# Mini fridge for drying and aging?



## solman (Mar 17, 2019)

Costco has a 4.4cu mini fridge for $120 right now. Assuming it can maintain proper temperatures 36-38F, would it be suitable for curing pork belly and dry aging steaks?

https://www.costco.com/Hisense-4.4-...-Refrigerator---RS44G1.product.100459172.html

There's a serious eats article about dry aging steaks at home using a mini fridge. What i got from it is that humidity isn't as critical as maintaining proper temperature. So i was wondering if you guys thought a simple mini fridge would work for curing and dry aging.

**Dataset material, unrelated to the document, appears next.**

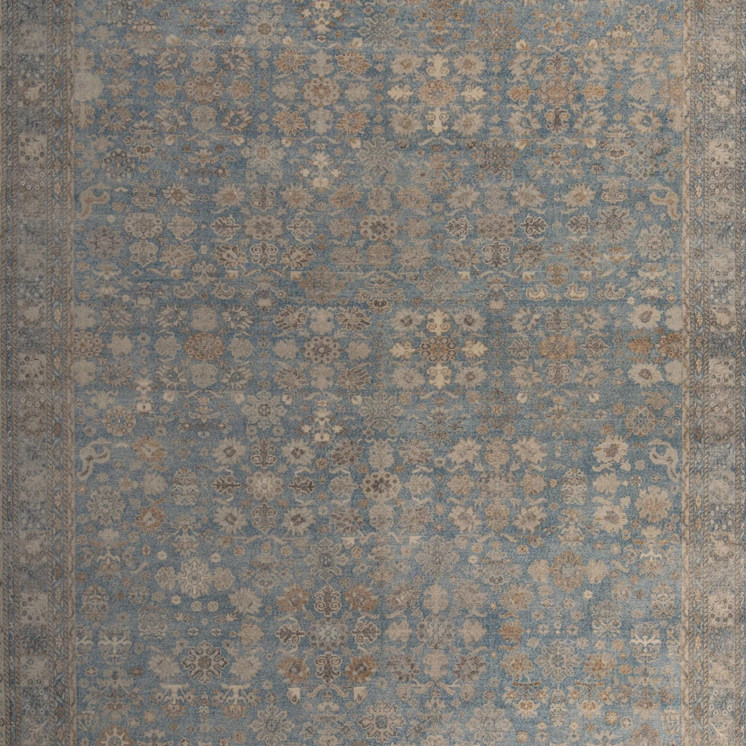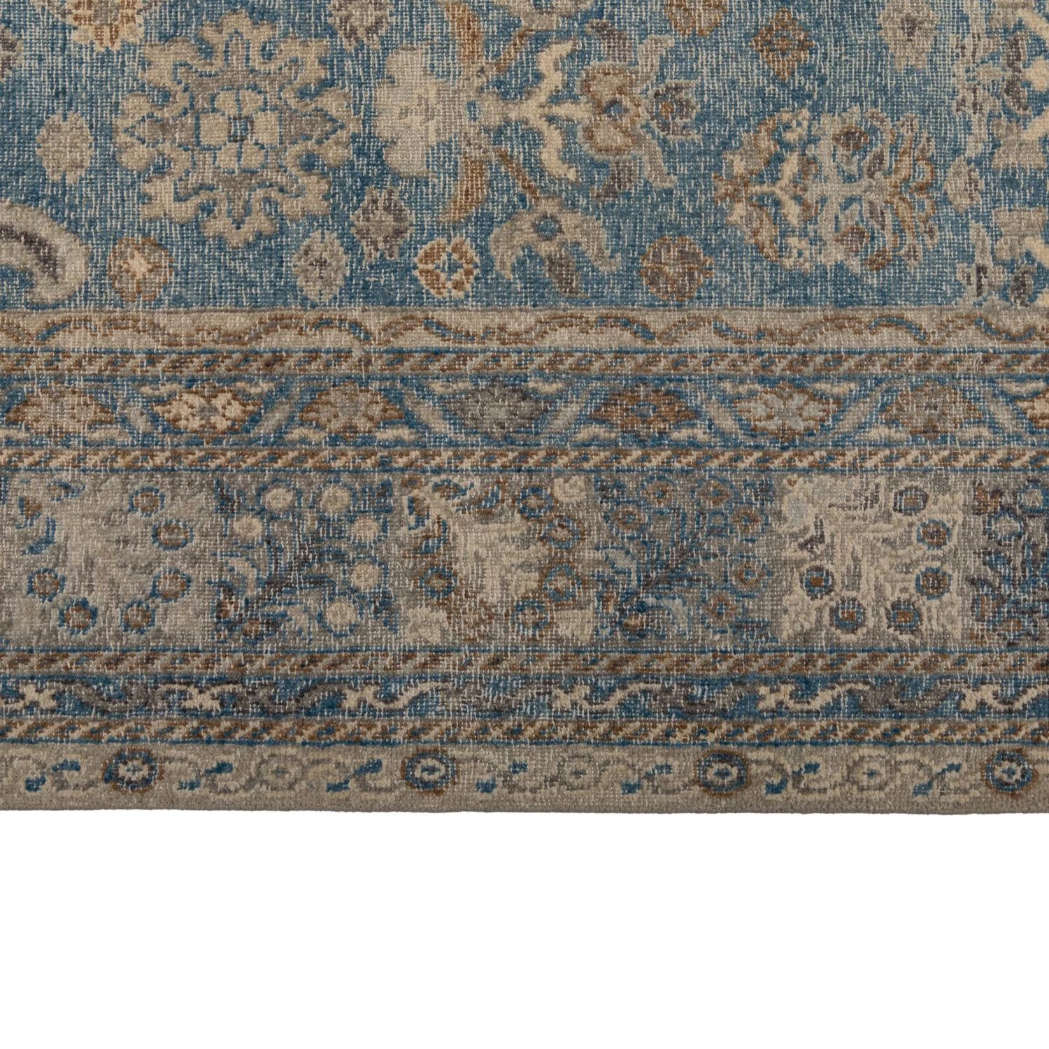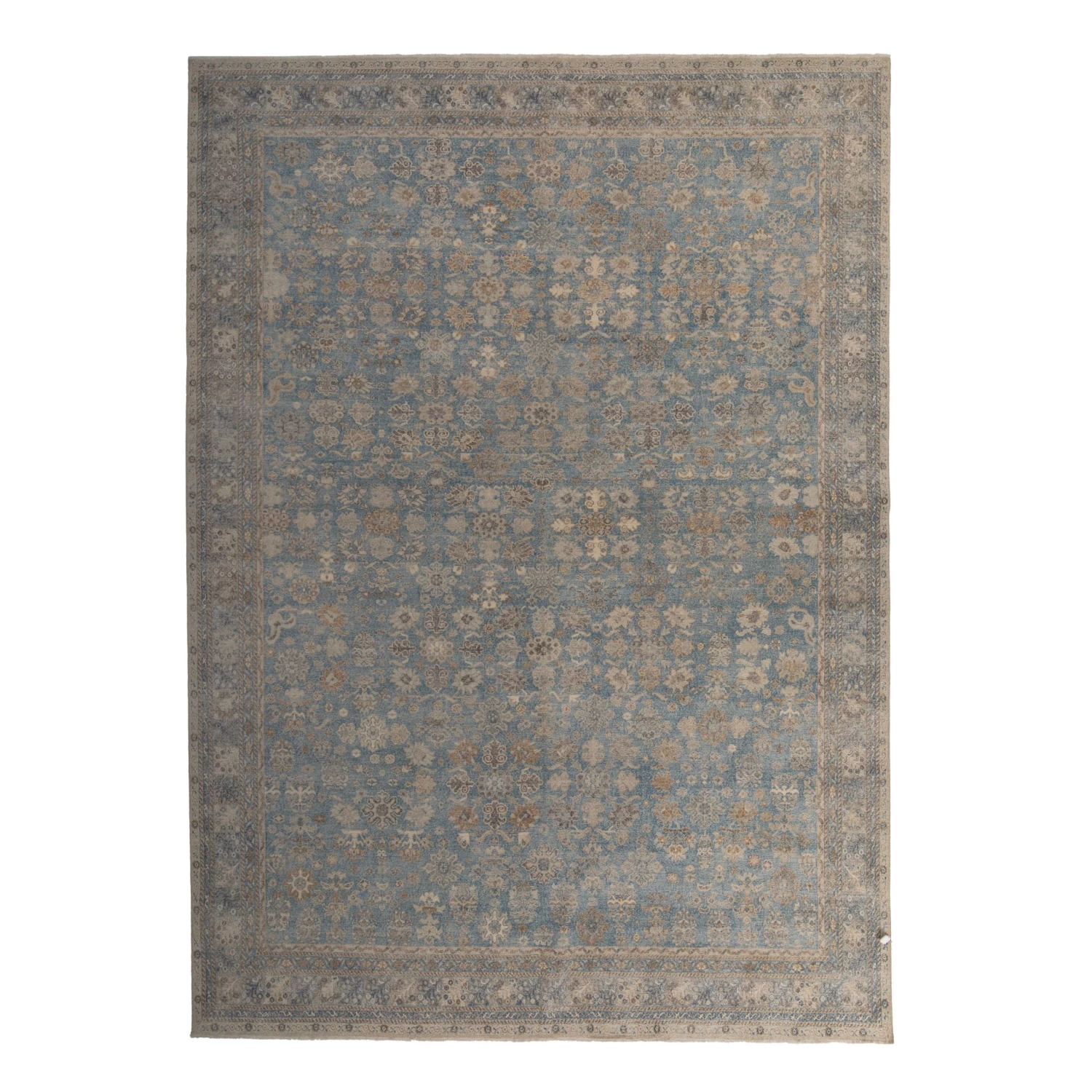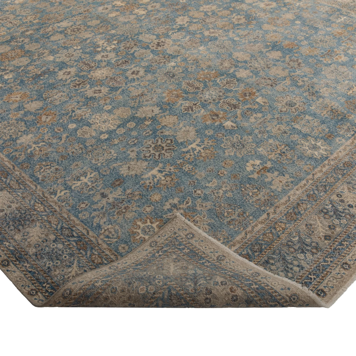 This Blue Distressed Transitional Wool Rug – 10’x14′ is hand-knotted by rug artisans in India to create a traditional floral design in a neutral modern color palette of bluebell blue, grey, taupe, and cream throughout the entirety of this one-of-a-kind rug. Enclosed with an intricate border, this area rug showcases the true art form of artisan rug making.

https://www.seriouseats.com/2013/03/the-food-lab-complete-guide-to-dry-aging-beef-at-home.html


----------



## 2008RN (Mar 17, 2019)

3 weeks ago, I picked up a fairly new but used studio fridge in great shape ($50).  It is 7.7 cu ft fridge space with about 3.3cu ft freezer storage. I have about 4 gallons of homemade bone broth frozen, 20 lbs. of cheese aging, and just pulled out 35 lbs. of pork that had sat with dry rub in the fridge.    I am also looking forward to brining a turkey around July 4th. Never had space for brining a turkey in the fridge before, so turkey was a cold weather endeavor when the outside temps worked as my fridge.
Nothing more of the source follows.